# Pressed Glass Cup, C or G Gunther Williams NY



## harryr1961 (Nov 23, 2013)

Hello All!  I recently acquired this little cup.  Clear glass, pressed in a mold, green streak, one flat side.  It resembles a dosage cup/cap.  Embossed on base C or G Gunther Williams NY.  One side looks like carnival glass, from what I don't know.  Any help on the company or origins would be great.


----------



## botlguy (Nov 23, 2013)

It looks as though it was designed to attach or abut something with that flat side.
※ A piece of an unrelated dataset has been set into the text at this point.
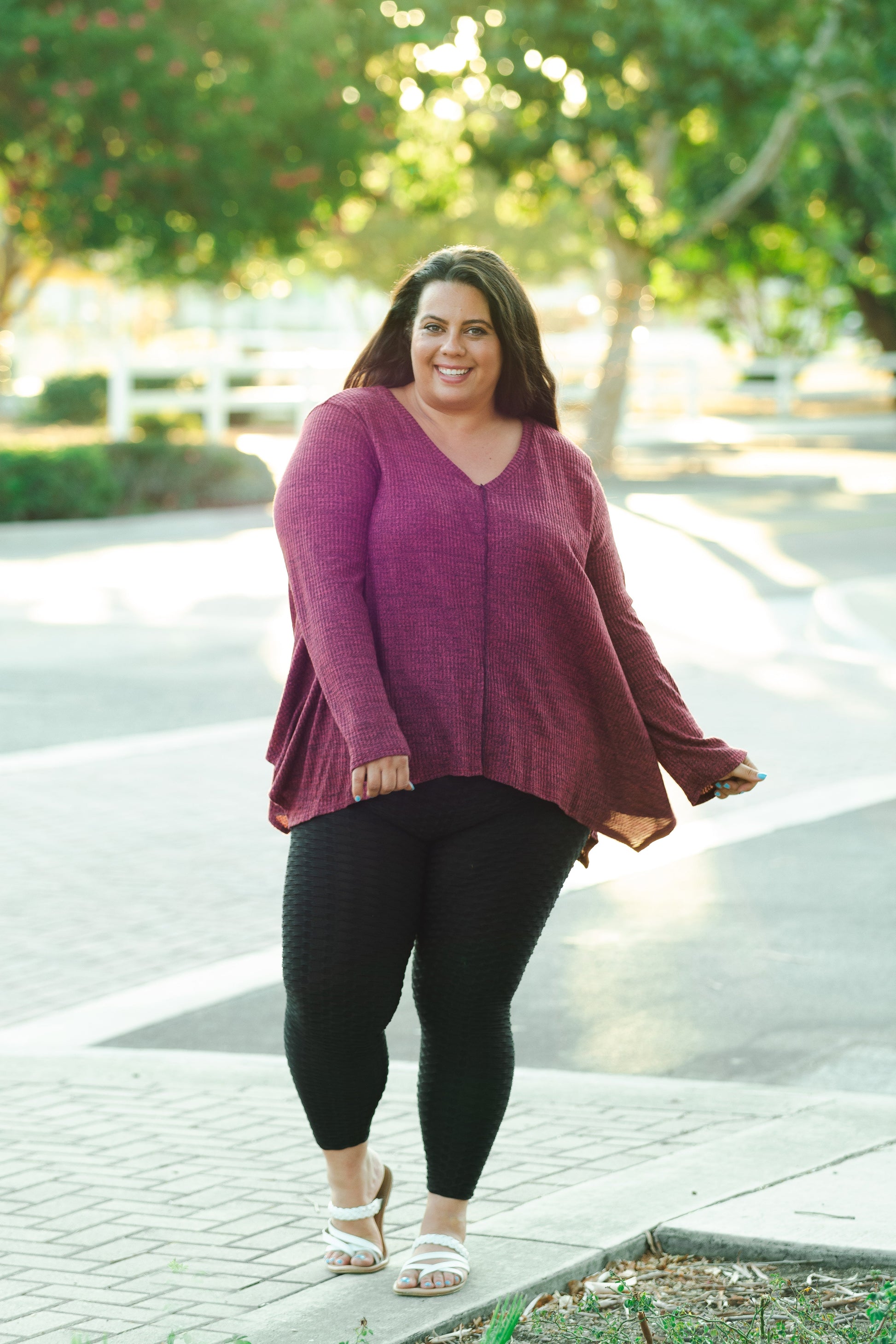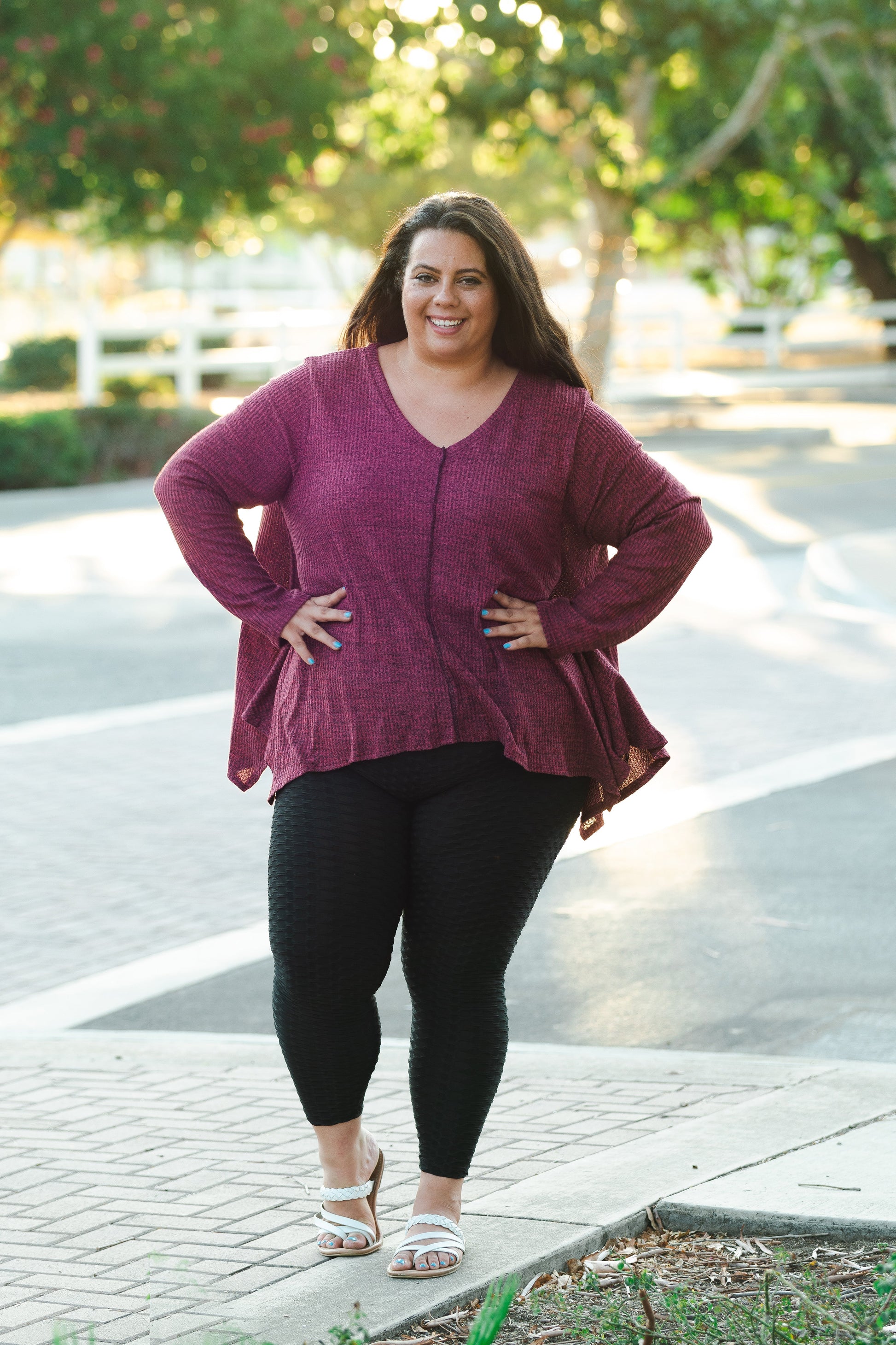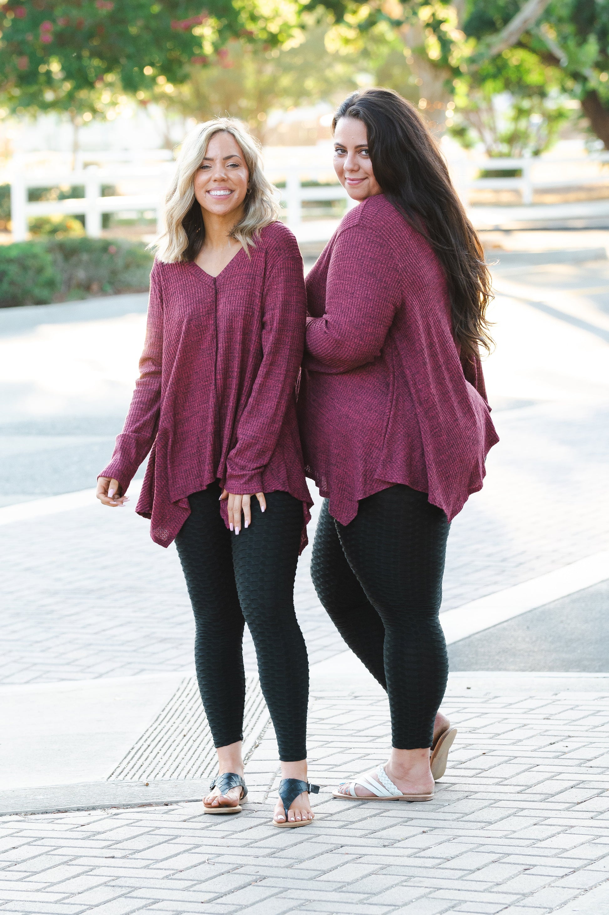 Talk about comfort meets style, this top has it all! Made from the softest brushed waffle knit, this to p features a v-neck, long sleeves, reverse stitch details and a sharkbite hem.

Additional pictures might help pin it down.


----------



## surfaceone (Nov 23, 2013)

Hey Harry, It looks like a birdcage watering / feeding appliance, missing attachment points, to me. 
	

	
	
		
		

		
		
	


	


http://pages.northforkpets.com/11570/PictPage/1922275653.html


----------



## epackage (Nov 24, 2013)

Bird feeder/water bowl


----------



## harryr1961 (Nov 24, 2013)

Good job gentlemen!  Here is a link to a whole one on EBay.  http://www.ebay.com/itm/Vintage-G-GUNTHER-Bird-Cage-Feeder-Drinker-Tin-Hook-Glass-Cup-/261159948201?pt=LH_DefaultDomain_0&hash=item3cce588fa9. Harry


----------